START DATA EXTRACTS

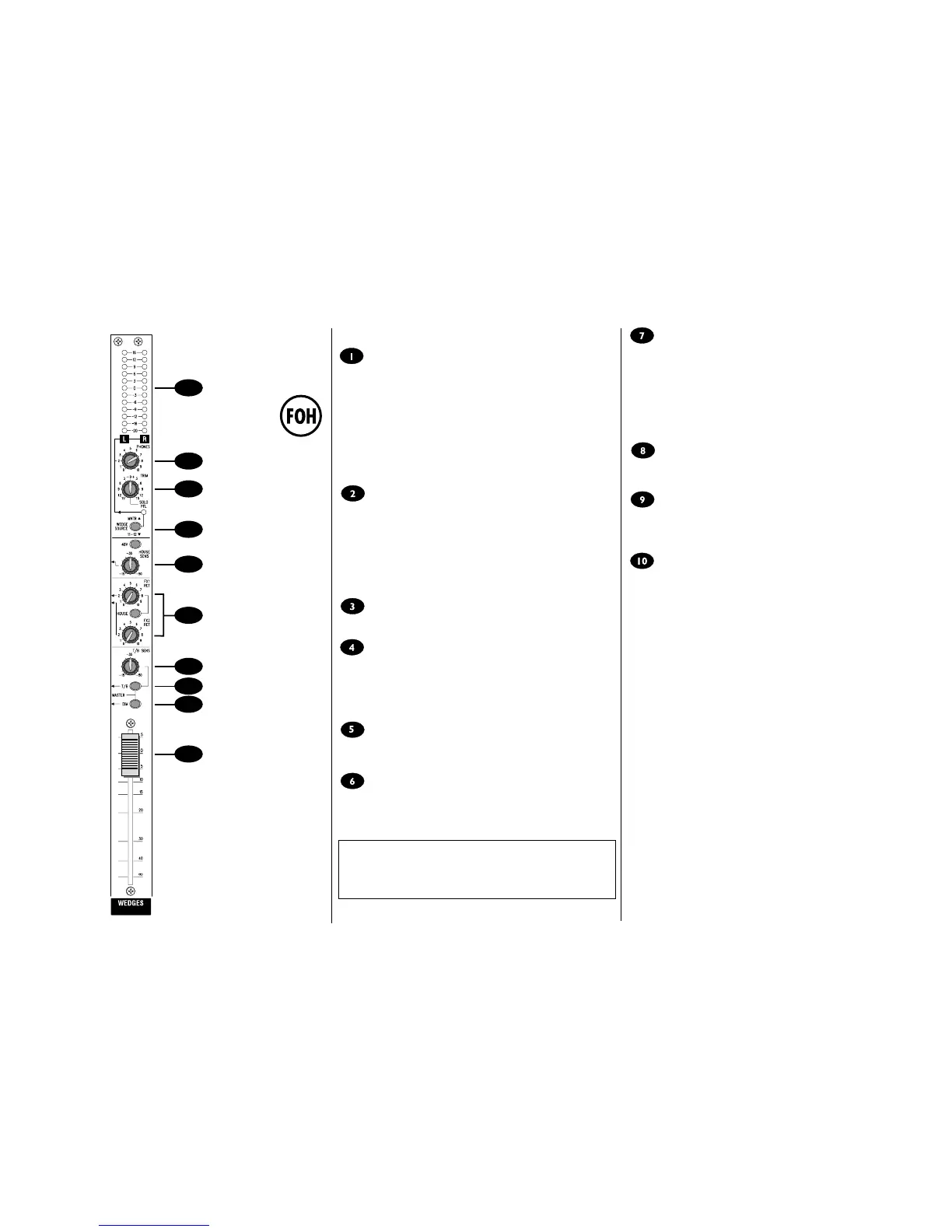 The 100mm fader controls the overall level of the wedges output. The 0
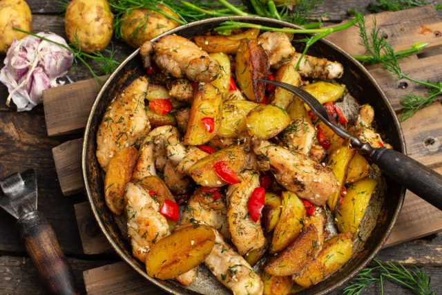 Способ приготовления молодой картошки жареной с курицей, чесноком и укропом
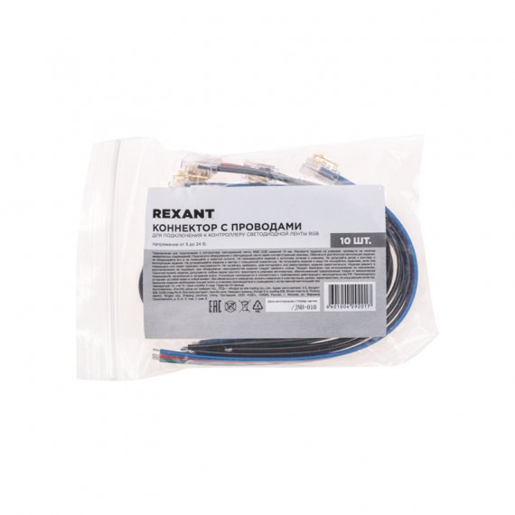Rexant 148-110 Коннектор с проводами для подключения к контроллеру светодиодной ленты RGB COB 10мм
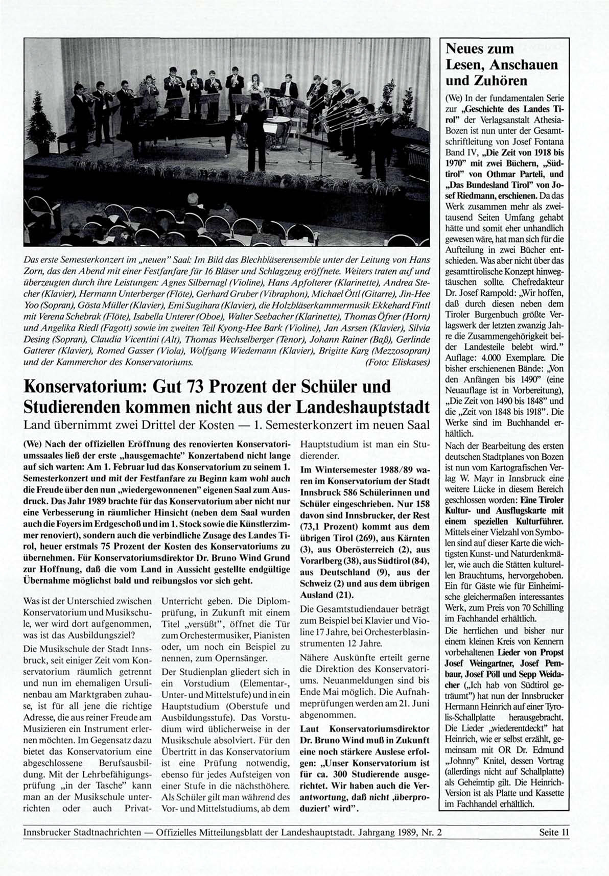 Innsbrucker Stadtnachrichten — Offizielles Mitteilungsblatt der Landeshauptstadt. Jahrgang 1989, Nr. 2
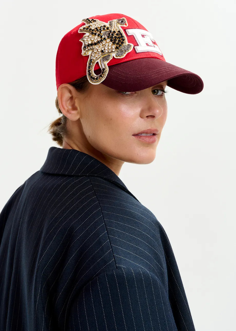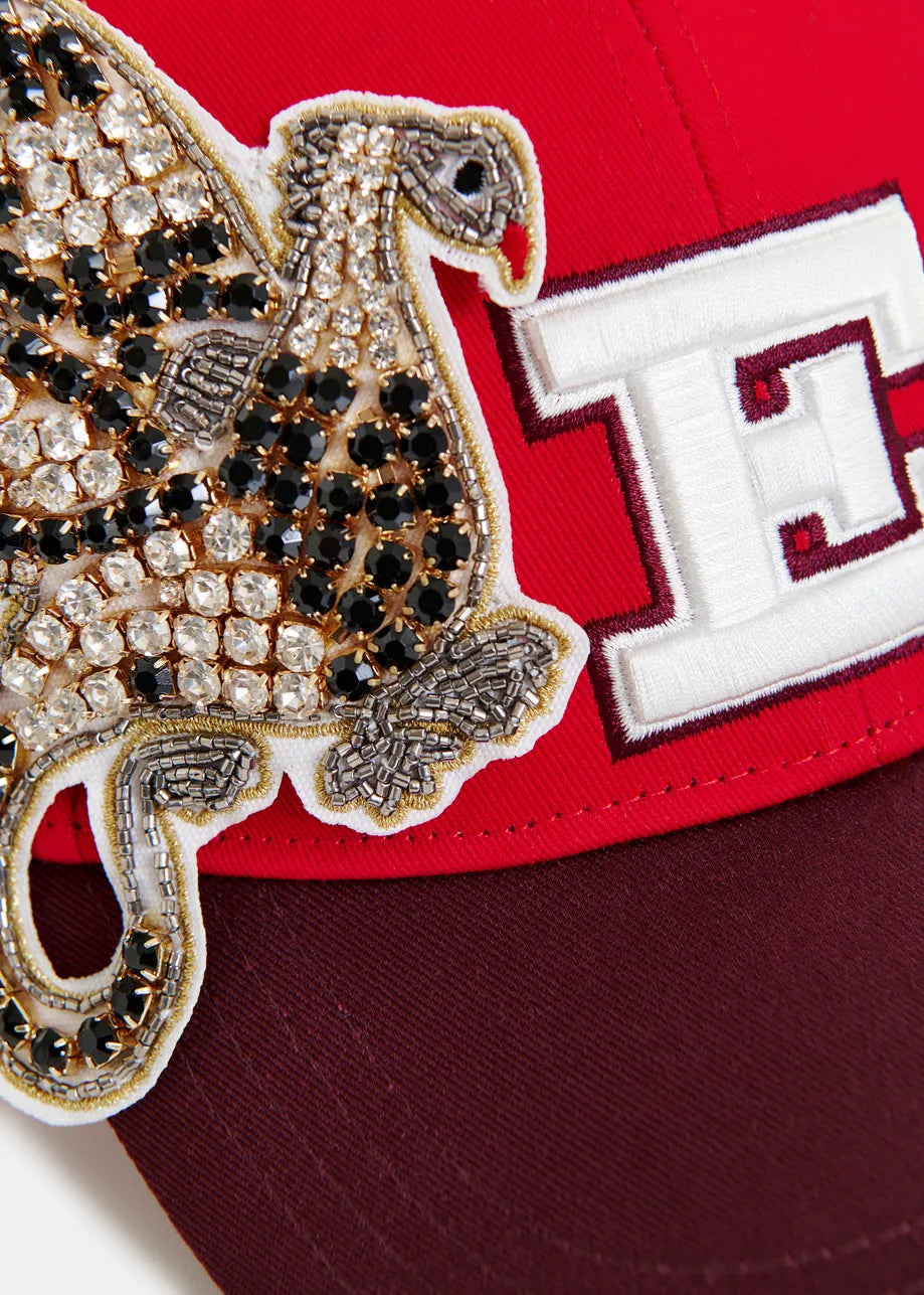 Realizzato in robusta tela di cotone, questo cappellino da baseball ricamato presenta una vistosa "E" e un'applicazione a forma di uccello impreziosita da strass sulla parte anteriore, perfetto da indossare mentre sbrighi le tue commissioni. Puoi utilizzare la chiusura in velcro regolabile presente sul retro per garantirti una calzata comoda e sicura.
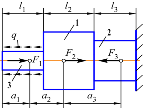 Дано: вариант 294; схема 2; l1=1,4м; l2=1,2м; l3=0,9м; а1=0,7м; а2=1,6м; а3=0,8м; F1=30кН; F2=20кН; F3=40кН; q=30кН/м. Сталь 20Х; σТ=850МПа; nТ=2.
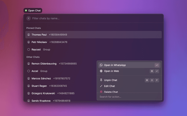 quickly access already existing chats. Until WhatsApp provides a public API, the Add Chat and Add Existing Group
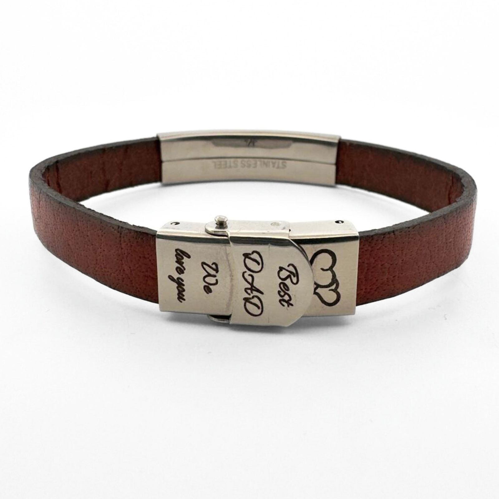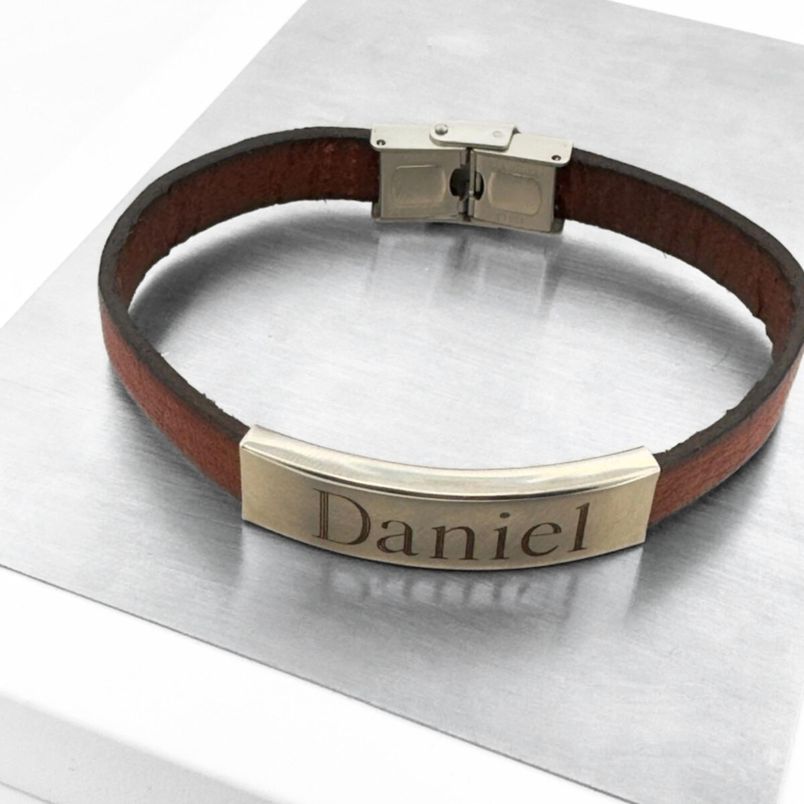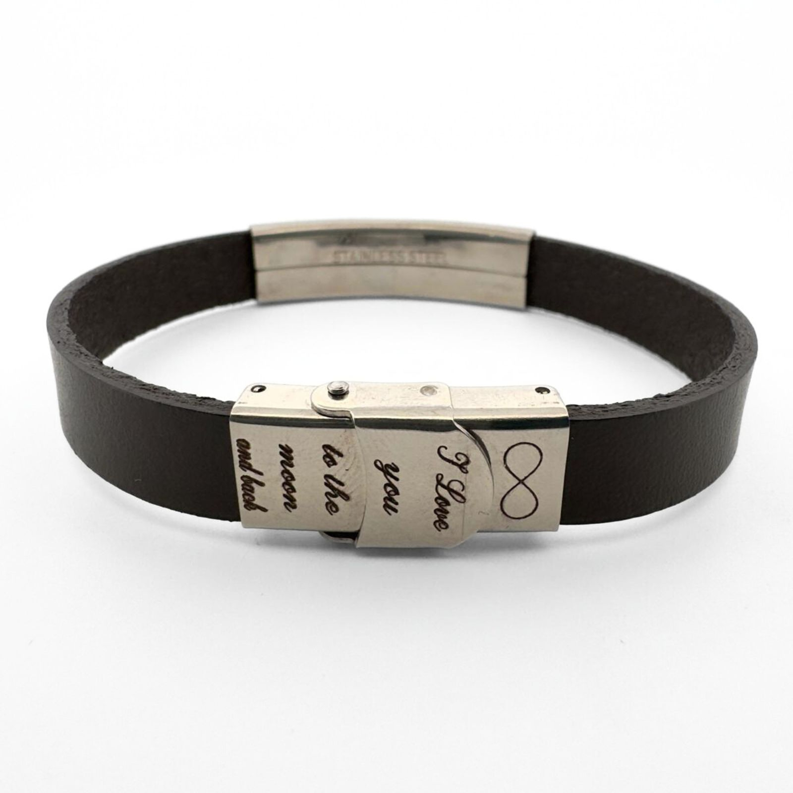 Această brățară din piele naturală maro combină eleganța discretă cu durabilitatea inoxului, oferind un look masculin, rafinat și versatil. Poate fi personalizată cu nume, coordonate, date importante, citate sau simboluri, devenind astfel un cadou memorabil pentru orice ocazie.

END DATA EXTRACTS

> **DIRECTIONS FOR THIS TASK**
In your copy, include no pictures and only the lines from the line with "Дано: вариант 294;" through the final line of the listing above, reproduced exactly.

> **EXERCISE SOLUTION**
 Дано: вариант 294; схема 2; l1=1,4м; l2=1,2м; l3=0,9м; а1=0,7м; а2=1,6м; а3=0,8м; F1=30кН; F2=20кН; F3=40кН; q=30кН/м. Сталь 20Х; σТ=850МПа; nТ=2.
 quickly access already existing chats. Until WhatsApp provides a public API, the Add Chat and Add Existing Group
 Această brățară din piele naturală maro combină eleganța discretă cu durabilitatea inoxului, oferind un look masculin, rafinat și versatil. Poate fi personalizată cu nume, coordonate, date importante, citate sau simboluri, devenind astfel un cadou memorabil pentru orice ocazie.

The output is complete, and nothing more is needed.